# Task instructions
What is needed is an exact copy of the lines in the entries below from the one holding "Salmone fritto, philadelphia, salsa" through the one holding "La CoQ10 de", pictures excluded.

━━━ Entries provided ━━━

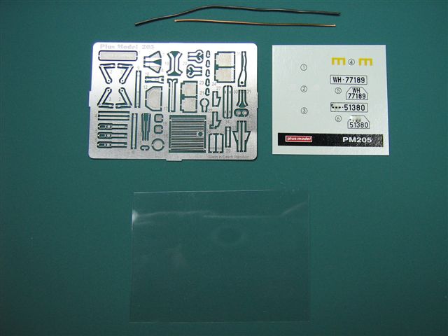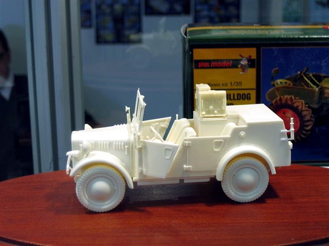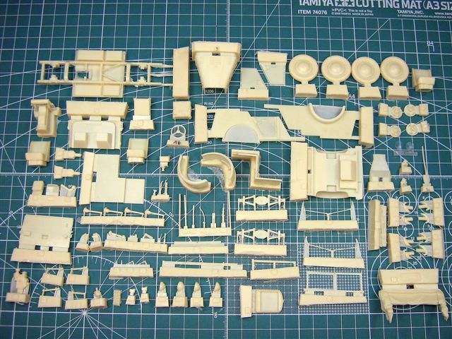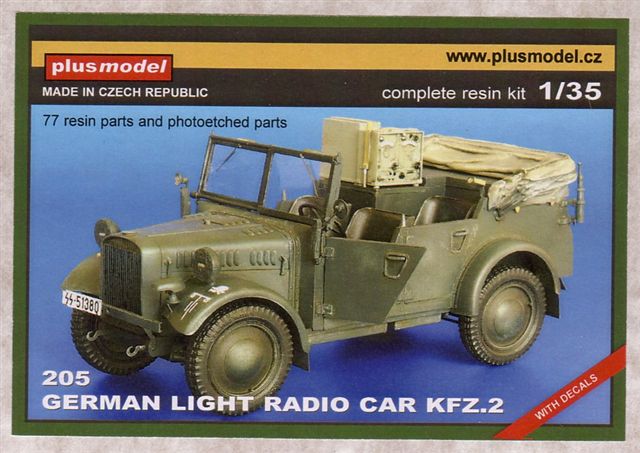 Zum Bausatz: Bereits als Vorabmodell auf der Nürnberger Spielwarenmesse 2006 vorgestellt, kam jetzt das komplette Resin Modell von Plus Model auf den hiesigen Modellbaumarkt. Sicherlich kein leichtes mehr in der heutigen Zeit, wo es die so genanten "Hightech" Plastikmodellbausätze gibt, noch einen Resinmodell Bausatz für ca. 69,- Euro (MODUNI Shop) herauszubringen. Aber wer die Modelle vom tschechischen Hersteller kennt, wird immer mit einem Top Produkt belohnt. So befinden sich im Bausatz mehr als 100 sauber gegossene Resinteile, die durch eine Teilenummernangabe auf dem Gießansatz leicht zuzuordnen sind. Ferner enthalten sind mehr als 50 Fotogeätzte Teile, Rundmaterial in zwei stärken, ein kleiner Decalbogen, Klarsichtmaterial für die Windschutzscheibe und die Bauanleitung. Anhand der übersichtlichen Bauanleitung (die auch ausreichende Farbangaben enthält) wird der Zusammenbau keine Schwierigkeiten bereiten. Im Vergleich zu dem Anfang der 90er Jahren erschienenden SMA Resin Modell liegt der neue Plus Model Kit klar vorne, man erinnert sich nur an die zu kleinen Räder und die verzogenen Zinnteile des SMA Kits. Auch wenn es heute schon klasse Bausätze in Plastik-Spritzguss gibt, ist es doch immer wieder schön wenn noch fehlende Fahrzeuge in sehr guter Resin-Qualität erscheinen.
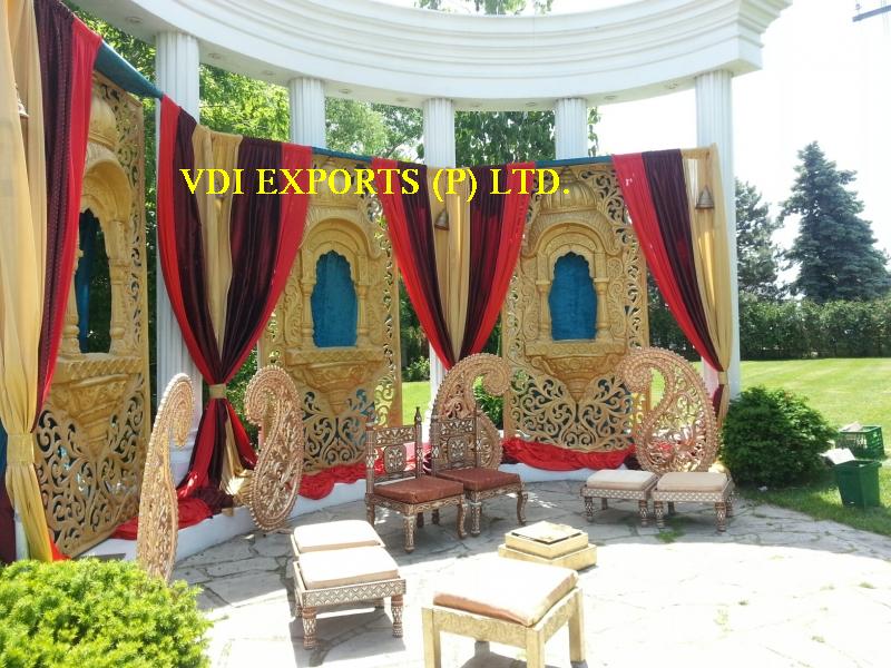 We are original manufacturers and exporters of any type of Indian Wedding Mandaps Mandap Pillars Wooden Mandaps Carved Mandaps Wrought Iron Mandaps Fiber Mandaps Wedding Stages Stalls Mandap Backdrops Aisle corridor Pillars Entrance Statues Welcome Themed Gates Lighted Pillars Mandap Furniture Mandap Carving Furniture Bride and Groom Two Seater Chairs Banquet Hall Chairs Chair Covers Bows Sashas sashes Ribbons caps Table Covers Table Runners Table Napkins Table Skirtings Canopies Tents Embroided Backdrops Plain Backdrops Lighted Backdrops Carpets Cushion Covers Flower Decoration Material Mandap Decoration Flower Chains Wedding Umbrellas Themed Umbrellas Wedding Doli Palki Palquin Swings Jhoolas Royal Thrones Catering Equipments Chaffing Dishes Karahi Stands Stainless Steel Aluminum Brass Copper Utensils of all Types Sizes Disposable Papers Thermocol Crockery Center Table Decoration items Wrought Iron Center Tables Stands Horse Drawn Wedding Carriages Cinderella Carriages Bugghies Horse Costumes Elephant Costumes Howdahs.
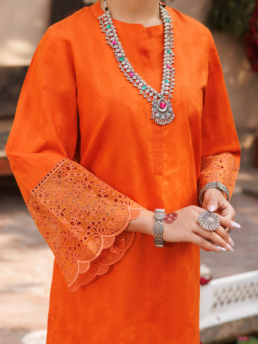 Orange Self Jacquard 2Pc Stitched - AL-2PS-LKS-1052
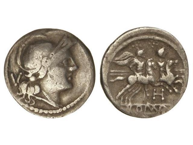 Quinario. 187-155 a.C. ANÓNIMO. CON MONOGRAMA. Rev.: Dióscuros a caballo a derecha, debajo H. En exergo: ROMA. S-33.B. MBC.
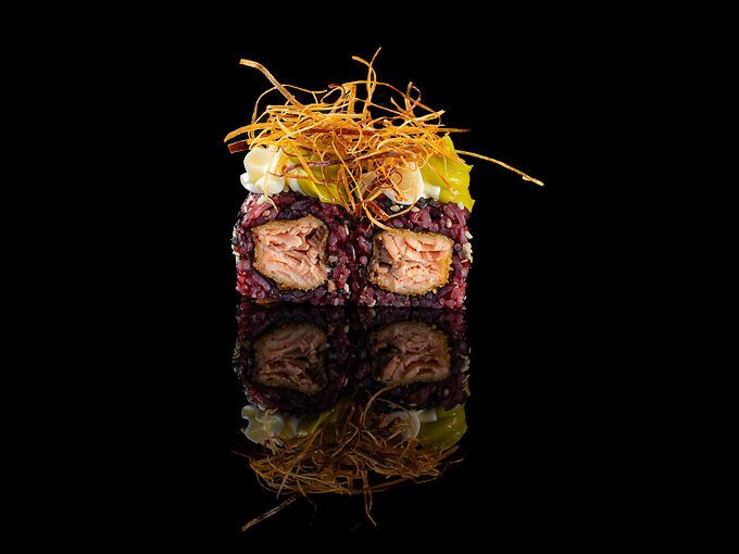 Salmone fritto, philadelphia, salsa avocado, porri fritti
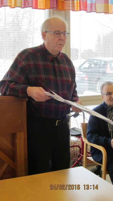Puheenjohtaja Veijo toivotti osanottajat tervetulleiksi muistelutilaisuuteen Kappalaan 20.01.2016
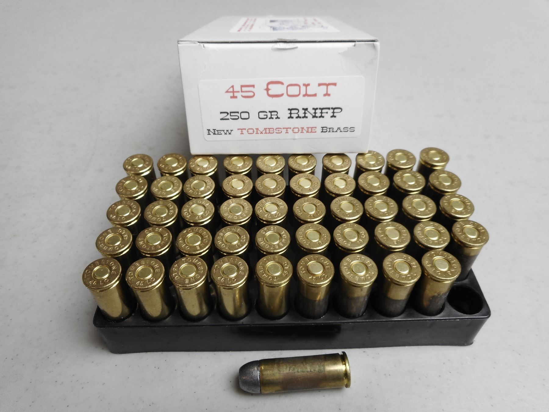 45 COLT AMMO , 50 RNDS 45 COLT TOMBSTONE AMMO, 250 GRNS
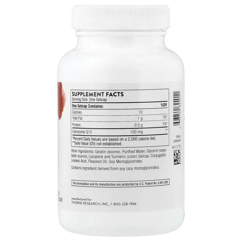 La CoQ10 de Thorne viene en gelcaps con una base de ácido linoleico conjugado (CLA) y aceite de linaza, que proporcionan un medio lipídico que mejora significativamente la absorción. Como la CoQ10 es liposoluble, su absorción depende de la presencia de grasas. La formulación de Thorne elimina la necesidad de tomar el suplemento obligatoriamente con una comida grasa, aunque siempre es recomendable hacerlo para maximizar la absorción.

━━━
━━━ Entries provided ━━━

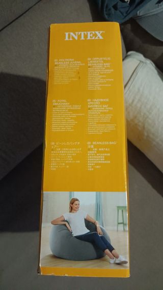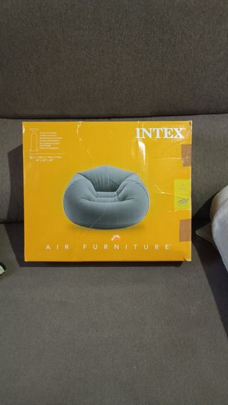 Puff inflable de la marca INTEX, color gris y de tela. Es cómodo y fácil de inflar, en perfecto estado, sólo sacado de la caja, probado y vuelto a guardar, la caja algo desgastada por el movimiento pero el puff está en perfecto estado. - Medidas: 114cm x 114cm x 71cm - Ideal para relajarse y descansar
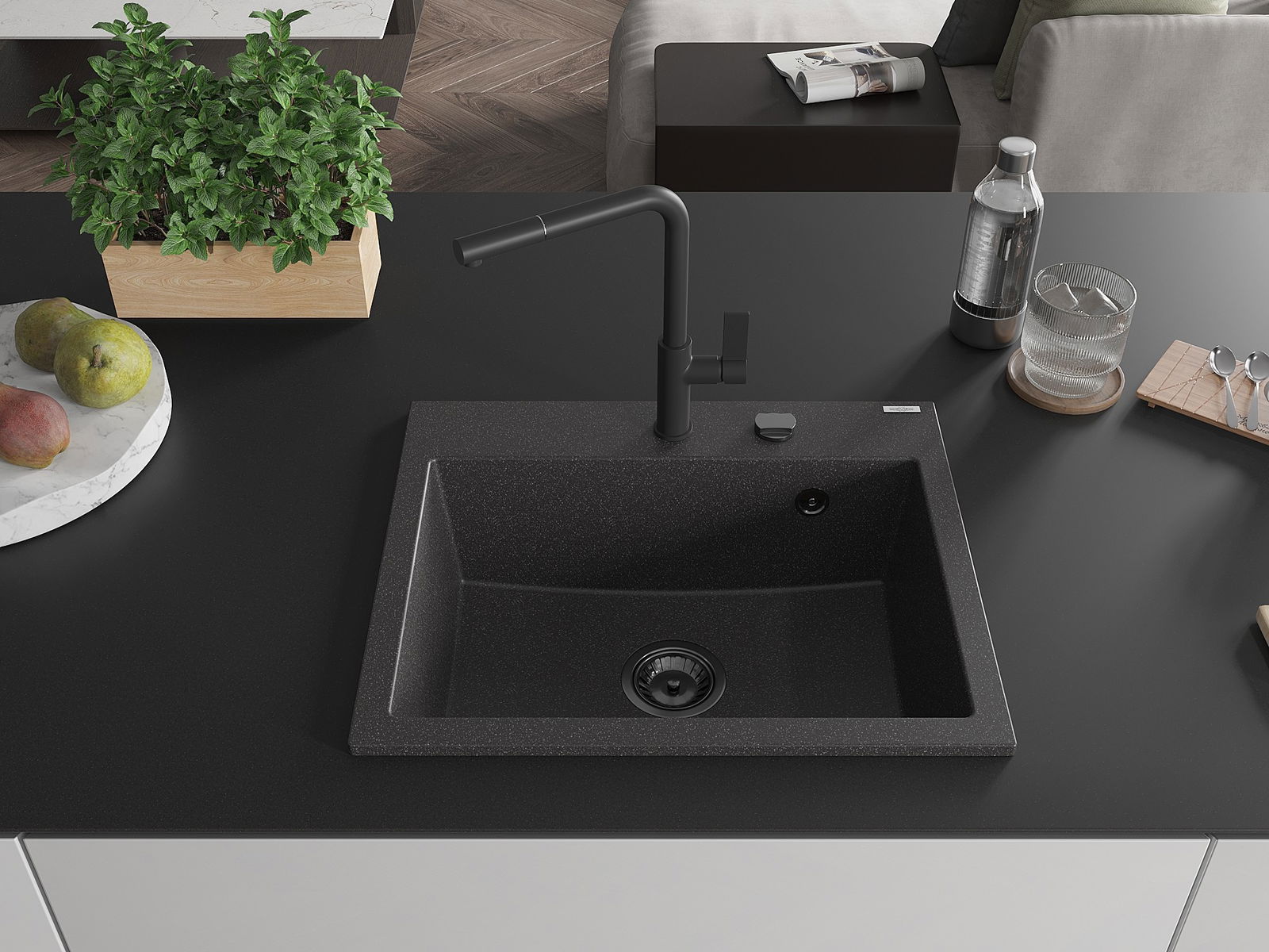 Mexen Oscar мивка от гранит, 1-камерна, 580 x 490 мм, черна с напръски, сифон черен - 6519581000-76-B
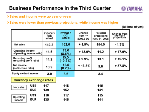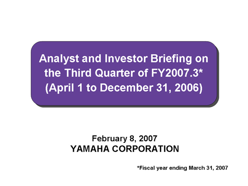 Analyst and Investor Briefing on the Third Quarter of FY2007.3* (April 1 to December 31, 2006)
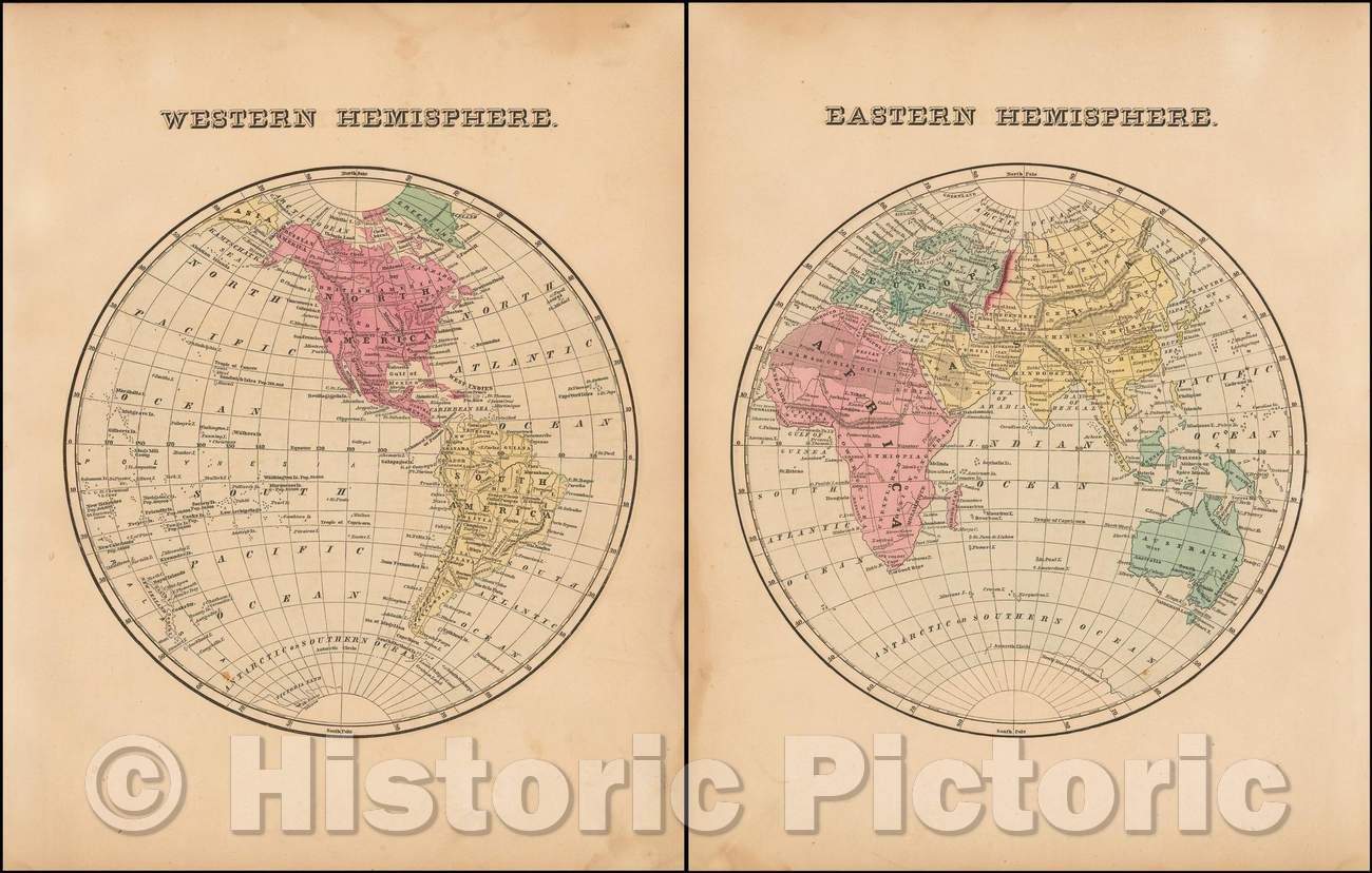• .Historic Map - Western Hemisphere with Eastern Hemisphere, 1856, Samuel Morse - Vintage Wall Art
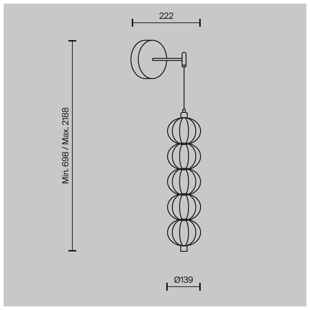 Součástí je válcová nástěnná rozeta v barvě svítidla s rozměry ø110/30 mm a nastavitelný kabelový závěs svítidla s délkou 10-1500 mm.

━━━
━━━ Entries provided ━━━

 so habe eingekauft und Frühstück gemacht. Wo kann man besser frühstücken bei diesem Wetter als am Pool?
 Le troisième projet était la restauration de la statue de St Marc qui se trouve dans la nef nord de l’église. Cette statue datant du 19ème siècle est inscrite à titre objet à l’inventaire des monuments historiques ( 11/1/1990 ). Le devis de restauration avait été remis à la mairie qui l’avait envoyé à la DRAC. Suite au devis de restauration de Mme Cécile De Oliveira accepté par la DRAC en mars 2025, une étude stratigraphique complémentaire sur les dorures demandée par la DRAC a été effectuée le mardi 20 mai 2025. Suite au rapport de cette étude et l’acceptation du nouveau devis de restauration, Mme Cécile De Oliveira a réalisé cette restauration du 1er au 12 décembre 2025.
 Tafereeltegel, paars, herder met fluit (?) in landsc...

━━━

# Response below
 Salmone fritto, philadelphia, salsa avocado, porri fritti
Puheenjohtaja Veijo toivotti osanottajat tervetulleiksi muistelutilaisuuteen Kappalaan 20.01.2016
 45 COLT AMMO , 50 RNDS 45 COLT TOMBSTONE AMMO, 250 GRNS
 La CoQ10 de Thorne viene en gelcaps con una base de ácido linoleico conjugado (CLA) y aceite de linaza, que proporcionan un medio lipídico que mejora significativamente la absorción. Como la CoQ10 es liposoluble, su absorción depende de la presencia de grasas. La formulación de Thorne elimina la necesidad de tomar el suplemento obligatoriamente con una comida grasa, aunque siempre es recomendable hacerlo para maximizar la absorción.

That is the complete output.